Fakat devlet her zaman ‘kendi yasalarına’ uyma gereği de duymaz… Devlet bütçesinde “Örtülü Ödenek” diye bir kalem vardır. “Örtülü Ödenek” demek, yasa dışı, ahlak dışı, gayri meşru, insanlık suçu kategorisine giren, ‘kirliişler’, yapılacak, insanlık suçu işlenecekdemektir. Örtülü ödenek, ‘halkın duymaması, bilmemesi gereken’ kirli işler için ayrılır… Devletin ‘kendi yurttaşlarından’ gizleyeceği bir şeylerin olması, meşru mudur, kabul edilebilir bir şey midir?Bu durumu eleştirmeye kalktığınızda da cevap hazırdır: “O bütün devletlerde vardır” … Bütün devletlerde olunca yapılan meşruiyet ve masumiyet mi kazanıyor? Hani su-î misal emsal olmazdı…
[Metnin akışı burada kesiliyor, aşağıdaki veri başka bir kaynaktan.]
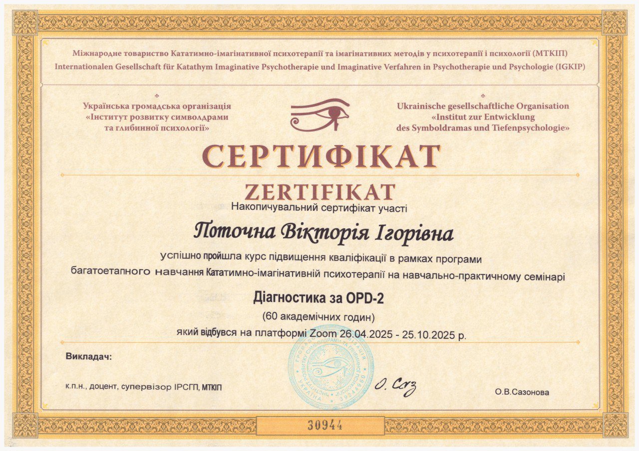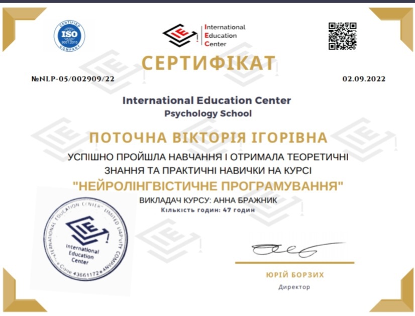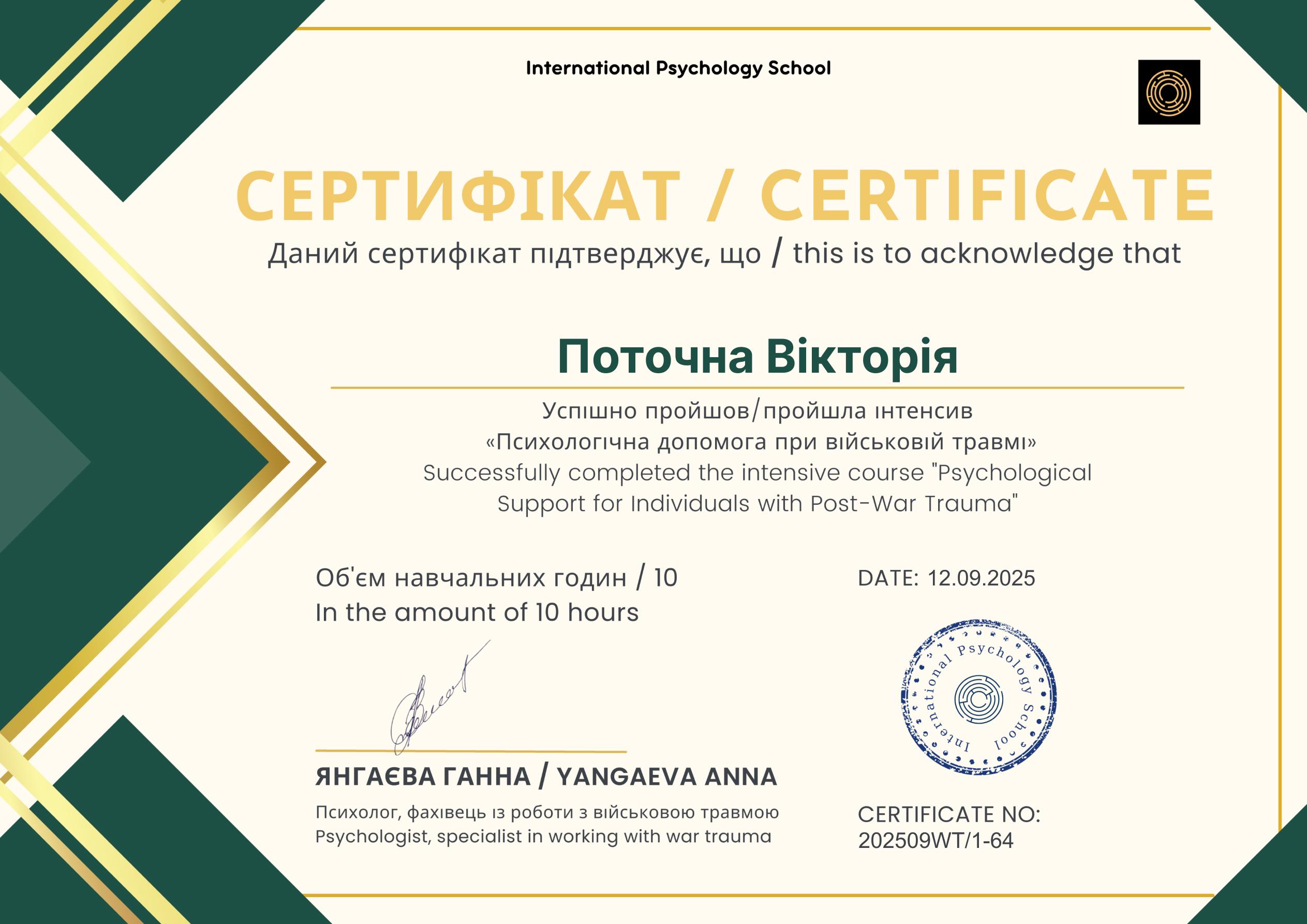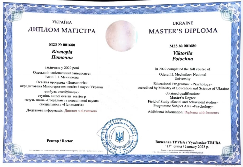 На постійній основі проходжу власну психотерапію, тому я розумію, як це може бути складно відкриватися та змінювати власне життя, але я готова в цьому допомогти та підтримати. Також маю постійну супервізію й удосконалюю свої знання та навички на курсах та семінарах.

2009’da, İstanbul’daki KCK eylemlerinde belediye otobüsüne molotof atılmıştı. Otobüste bulunan 17 yaşındaki Serap Eser yanmış, 29 gün sonra da vefat etmişti. Dönemin İçişleri Bakanı İdris Naim Şahin, İstanbul Küçükçekmece’de lise öğrencisi olan Serap Eser’in İETT otobüsünde yanarak yaşamını yitirmesine neden olan molotof kokteylini atan kişinin MİT elemanı olduğunu açıklamıştı… Bu, faili devlet olan bir terör eylemi değil miydi?

“6-7 Eylül muhteşem bir örgütlenmeydi” diyen,eski Milli Güvenlik Kurulu Genel Sekreteri,emekli Orgeneral Sabri Yirmibeşoğlu’nun: ” Eğer bir yerde halkın galeyana gelmesini arzu ederseniz, sizin saygın değerlerinize düşmanın, karşı tarafın bir şeyler yaptığını, küçültücü hareket yaptığını gösterirseniz, halkı galeyana getirirsiniz. Özel Harpte bir kural vardır: Halkın mukavemetini artırmak için düşman yapmış gibi bazı değerlere sabotaj yapılır. Bir cami yakılır. Kıbrıs’ta cami yaktık biz. Cami yakılır mesela…”General’in söylediklerinden,devletin bir işinin de ‘topluma tuzak kurmak’ olduğu anlaşılıyor…

Düşünceyi engellemek de , entellektüeli caydırmak da mümkün değildir…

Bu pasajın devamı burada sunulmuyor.